The default structure search in CSD is substructure.  The structure editor functions in a manner similar to other tools; commonly used atoms and rings have buttons on the main screen, and lesser-used options appear in the menus at the top of the window.

Selecting a Metal

There are several ways in which you can specify the metal or type of metal that you would like to have in your complex.

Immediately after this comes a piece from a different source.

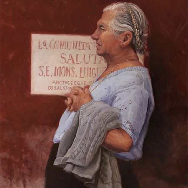 This painting was inspired by a woman that was watching a procession in a small piazza in Italy. I am usually inspired by a particular subject, light quality, shadow pattern, or overall mood based on a life experience. When not able to work from life, I try to work from a combination of quick sketches, color studies, and photographs.
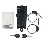 Велозамок 4Bike T602 - высокопрочный складной противоугонный замок. 8 пластин из нержавеющей стали в пластиковой оболочке соединены между собой и оснащены защищенным замком с ключом. Толстые стальные пластины обеспечивают максимальную защиту от угона, их невозможно перекусить кусачками.

• If you have a specific metal in mind, you can select it from the periodic table by clicking the  button and selecting “Other Elements.”  Then click “OK,” and draw it into your structure as you would any other atom.
• If you would like to select two or more specific metals, click on the  button, and select “Other Elements.”  Click on the “multi-pick” radial button, and choose the elements that you would like.  If you wish to select an entire row or column of the periodic table, click on its orange header.  Then click “OK,” and draw it into your structure as you would any other atom.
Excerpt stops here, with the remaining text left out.